Sons of Zion in Convention

Long Branch, N.J. June 20 –

Two hundred delegates and as many
more visitors attended the opening of
the seventeenth annual convention of
the order Sons of Zion at the Scarboro
Hotel today. Commissioner W. Stan-
ley Bouse welcomed the delegates.
Louis Lipsky, Chairman of the Zionist
Committee, spoke. The convention
closes tomorrow, when new officers
will be installed.

And, the next day:

Sons of Zion Elect Officers

Long Branch, N.J. June 21.–

The Sons of Zion, meeting in the Scar-
boro Hotel here today, elected Sol
Friedman of New York, President;
Judge Jacob S. Strahl, New York, Vice
President; Jacob I Kiskor, Brooklyn,
Secretary, and Max Fenwick, New York,
Treasurer.

Long Branch was a well-established beach resort community at the time, less than 20 miles as the crow flies from Papa’s usual seaside haunts at Coney Island:

Papa probably attended the Sons of Zion conference with the same fraternal brothers, like Blaustein, Bluestone, and Zichlinsky, that he used visit Coney with in 1924. The conference may have been all business, but I’m sure Papa’s ocean-loving crew found a moment to join the frolicsome crowds on the beach, like those pictured in this 1923 photo of Long Branch:

Here’s a shot of Long Branch’s Broadway as it may have looked to Papa during the busy summer season:

And here’s the Scarboro hotel, where the B’nai Zion conference took place and where Papa most likely stayed. According to Eddie at historiclongbranch.org (the source of all these Long Branch images) the corner of Bath and Ocean Avenues saw two incarnations of the Scarboro hotel over the years, but by the time Papa got there the newer, modern version was in place:

We should also note that Judge Jacob Strahl, the newly elected President of B’nai Zion mentioned in the Times article above, made a couple of personal appearances in Papa’s 1924 diary: one in which Papa accompanied him home from the Bronx after a lecture, and one in which Papa attended a dinner in his honor.

3 – The front of this particular card reads:

67:–Statler Hotel and McKinley Monument, Buffalo, N.Y.

Buffalo was the site of hotel pioneer E.M. Statler’s first permanent hotel. Built in 1907, it featured amenities for which his hotel chain would later become famous: cheerful service, affordable rates, and luxuries, like bathrooms in every room, normally unavailable to proletarian travelers. (As my legions of readers who get together each weekend to quiz each other on Papa’s Diary trivia no doubt are aware, my comments on Papa’s January 30th, 1924 diary entry quotes a brochure about Statler’s Hotel Pennsylvania in New York that advertises these very sorts of advantages.)

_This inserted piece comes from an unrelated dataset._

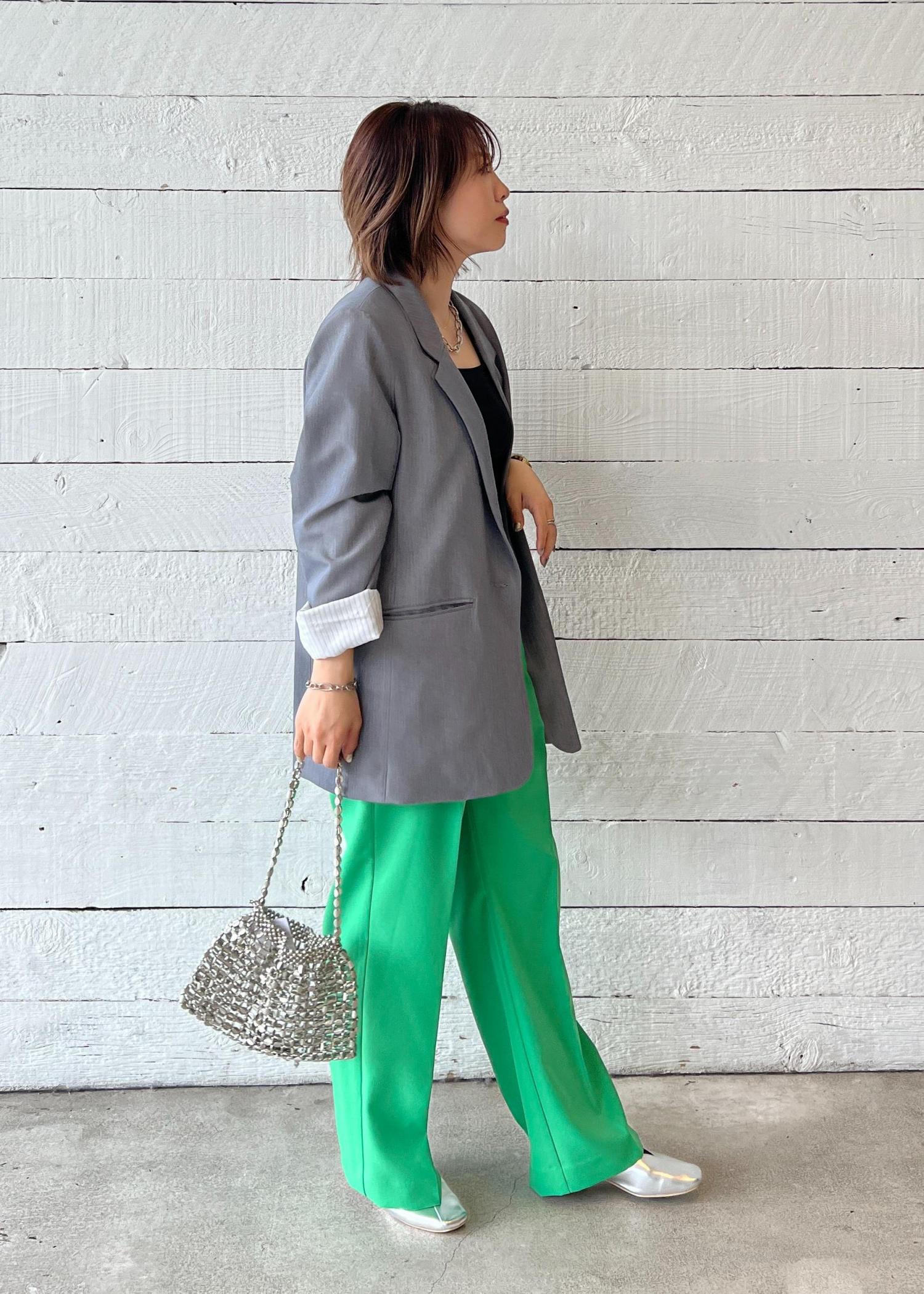 アウトレットVIS美HITワンタックストレートパンツ【洗える】グリーン / S¥2,372レビュー身長152cmでフラットシューズでもギリギリ床につかない丈感です。

Like the Hotel Scarboro in Long Branch, the above-pictured version of the Statler Hotel that Papa stayed in was not the original, but a second incarnation. Statler built it in 1923 (and renamed the first Statler the Hotel Buffalo) so when Papa stayed there in 1926 it must have still felt fresh, novel and impressive. It may well have been the most comfortable place that Papa ever stayed, since until then he had known only Jewish ghetto life in Eastern Europe and tenement life on the Lower East Side of New York. Developers converted the building to office space in 1984 and renamed it Statler Towers, but as of this writing it’s under new ownership and on its way to becoming a mixture of condominium, hotel and commercial space.

Interestingly, Papa addressed this card not to my grandmother’s home on Hart Street in Brooklyn, but to an address just around the corner at 185 Pulaski Street. No one in my family is entirely sure what was at this address, but we think it was a factory owned by my great-grandfather and that my grandmother worked there. This is probably right. Mail was delivered twice a day in those days, so Papa would have addressed letters to her daytime address to make sure she got them as soon as possible. Perhaps he thought this would give him an advantage over other suitors who, he was convinced, were competing with him for her affections.